PROVIDED MATERIAL –
^^^^
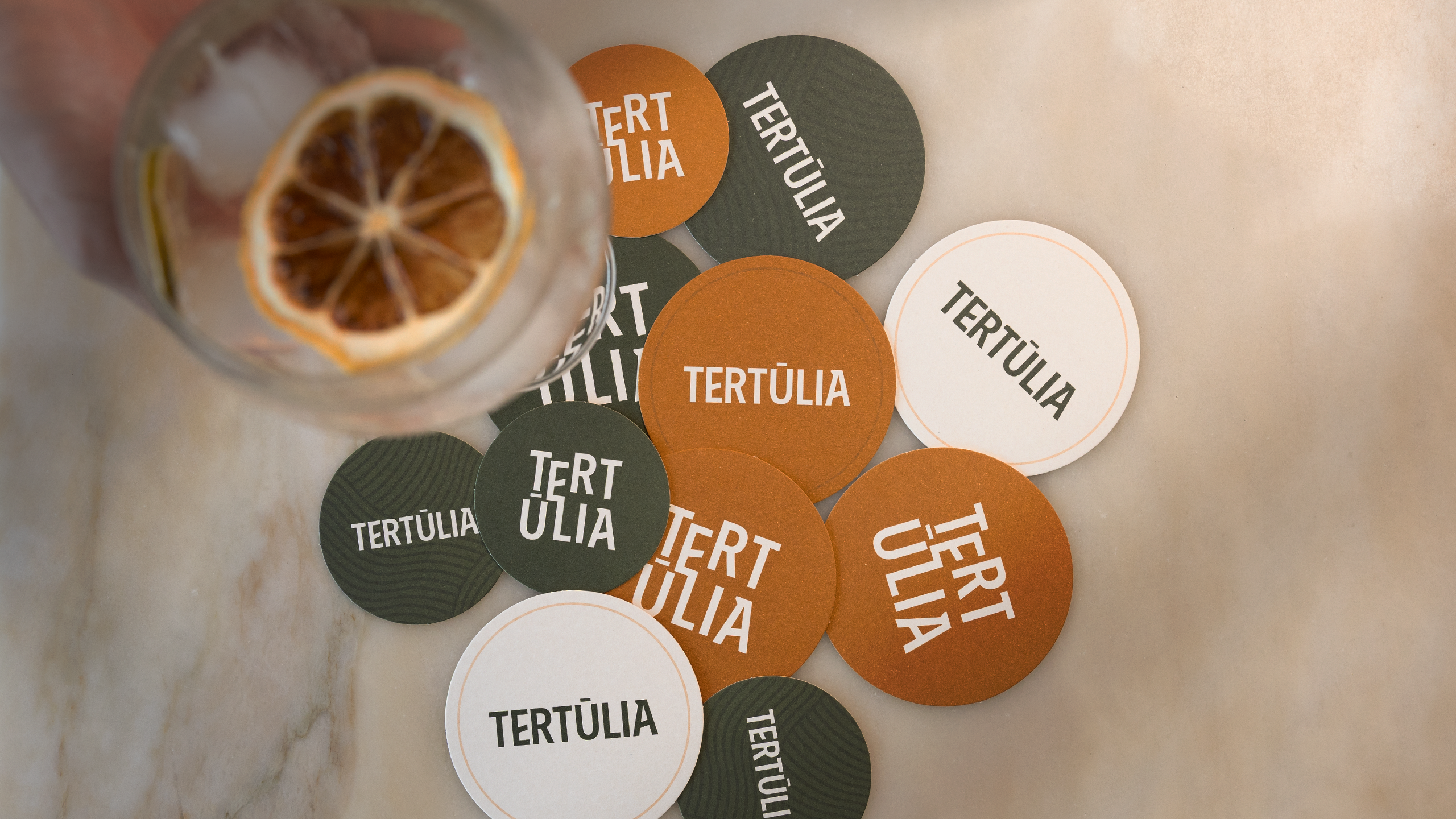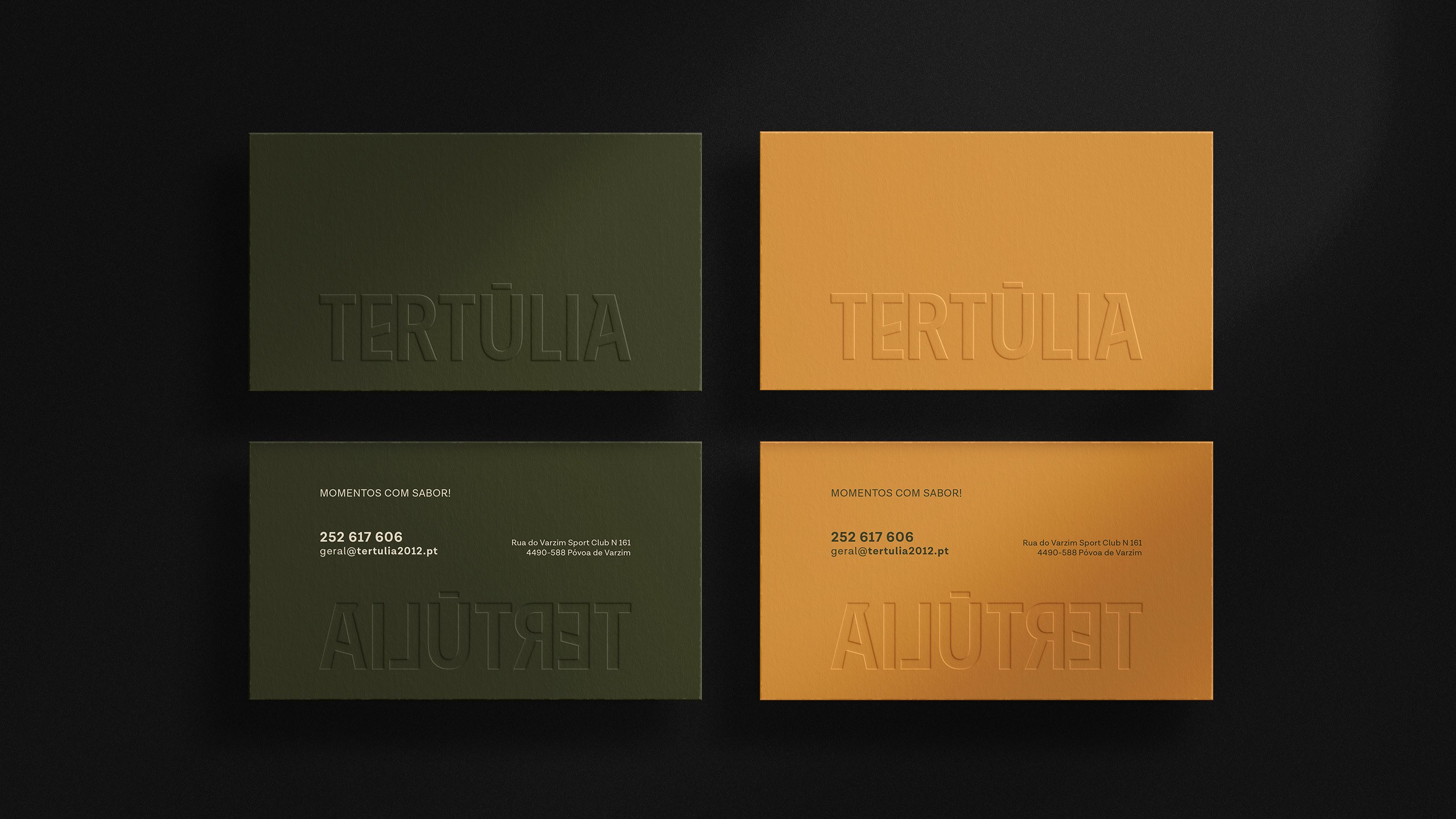 O logótipo foi redesenhado para transmitir elegância e simplicidade, com uma tipografia limpa e moderna, mas que ainda mantivesse a presença que o Tertúlia sempre teve na cidade. As cores foram escolhidas para transmitir calor e conforto, criando uma sensação de acolhimento que se estende a cada elemento do restaurante.
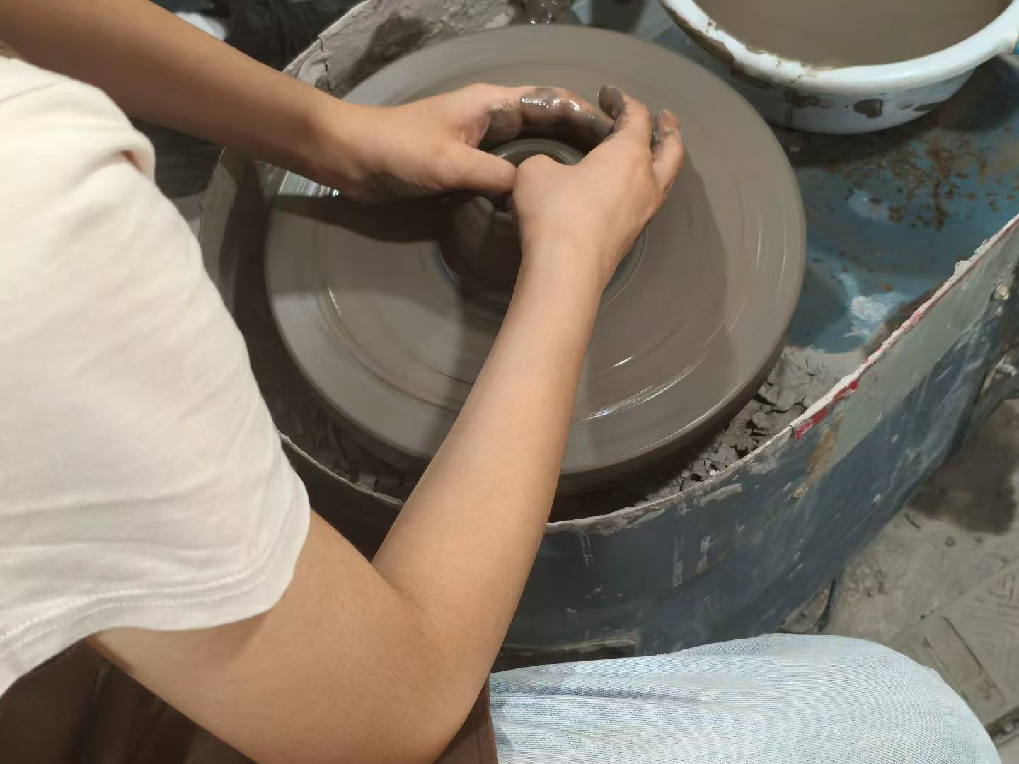親身體驗(yàn)環(huán)節(jié),團(tuán)隊(duì)前往彭城異品坊嘗試?yán)鳌T趲煾抵笇?dǎo)下,隊(duì)員們牢記 “掌心托底、均勻上推” 的要領(lǐng),雙手沾滿陶泥控制旋轉(zhuǎn)的坯體。這項(xiàng)看似簡(jiǎn)單的技藝實(shí)則難度極大,需保持手部穩(wěn)定與力度均勻,稍有偏差坯體便會(huì)變形。經(jīng)過多次嘗試,團(tuán)隊(duì)成員成功捏制出自己的陶瓷器具,雖成品稚嫩,但大家對(duì)匠人的精湛技藝更添敬佩。
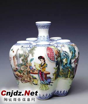 六管瓶,顧名思義有六個管,像是五個瓶罐包圍著中間高出一截的罐。陳靜告訴記者,這是粉彩“紅樓四美”六管瓶,是趙惠民的作品,瓶身上畫著黛玉、寶釵、寶玉等人,色彩很柔和,而且人物栩栩如生。市面上五管瓶是有的,這種“六管瓶”如今不多見。它的制作很煩瑣,管與管之間的縫隙和痕跡要不能顯露出來,確實需要精湛的工藝。陳靜表示,這六管瓶也是可以用來插花的,每管中分插幾枝,而且它管與管之間是串聯(lián)的,“不過這么精美的工藝品,一般還是以觀賞為主。”
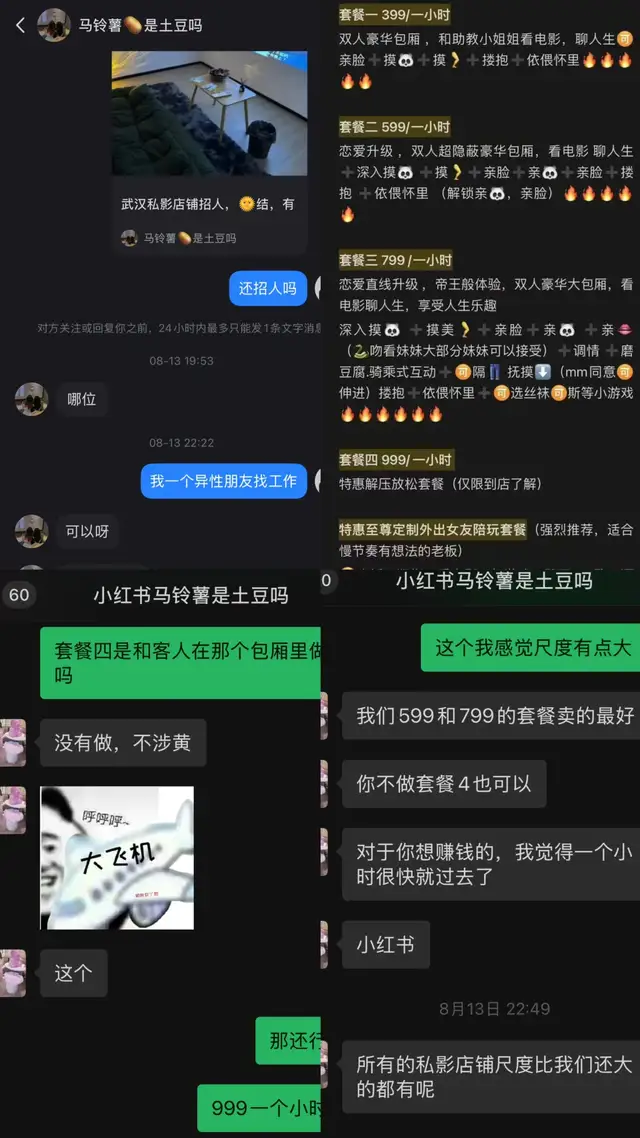 然而,后续跟进调查显示,这些问题并未彻底消失。涉黄招募笔记依然存在,名为“马铃薯是土豆吗”的博主发布发布招募私影工作的笔记,私信后被导流之第三方平台便出示了一份套餐价格表,并且提供打飞机和外出的服务,该博主直言:小红书所有的私影店铺尺度比我们还大的都有。
^^^^
PROBLEM STATEMENT – Restate word for word each line from the top of the listing down to and including the line that holds "六管瓶,顧名思義有六個管,像". Drop any pictures.

EXERCISE SOLUTION –
 O logótipo foi redesenhado para transmitir elegância e simplicidade, com uma tipografia limpa e moderna, mas que ainda mantivesse a presença que o Tertúlia sempre teve na cidade. As cores foram escolhidas para transmitir calor e conforto, criando uma sensação de acolhimento que se estende a cada elemento do restaurante.
親身體驗(yàn)環(huán)節(jié),團(tuán)隊(duì)前往彭城異品坊嘗試?yán)鳌T趲煾抵笇?dǎo)下,隊(duì)員們牢記 “掌心托底、均勻上推” 的要領(lǐng),雙手沾滿陶泥控制旋轉(zhuǎn)的坯體。這項(xiàng)看似簡(jiǎn)單的技藝實(shí)則難度極大,需保持手部穩(wěn)定與力度均勻,稍有偏差坯體便會(huì)變形。經(jīng)過多次嘗試,團(tuán)隊(duì)成員成功捏制出自己的陶瓷器具,雖成品稚嫩,但大家對(duì)匠人的精湛技藝更添敬佩。
 六管瓶,顧名思義有六個管,像是五個瓶罐包圍著中間高出一截的罐。陳靜告訴記者,這是粉彩“紅樓四美”六管瓶,是趙惠民的作品,瓶身上畫著黛玉、寶釵、寶玉等人,色彩很柔和,而且人物栩栩如生。市面上五管瓶是有的,這種“六管瓶”如今不多見。它的制作很煩瑣,管與管之間的縫隙和痕跡要不能顯露出來,確實需要精湛的工藝。陳靜表示,這六管瓶也是可以用來插花的,每管中分插幾枝,而且它管與管之間是串聯(lián)的,“不過這么精美的工藝品,一般還是以觀賞為主。”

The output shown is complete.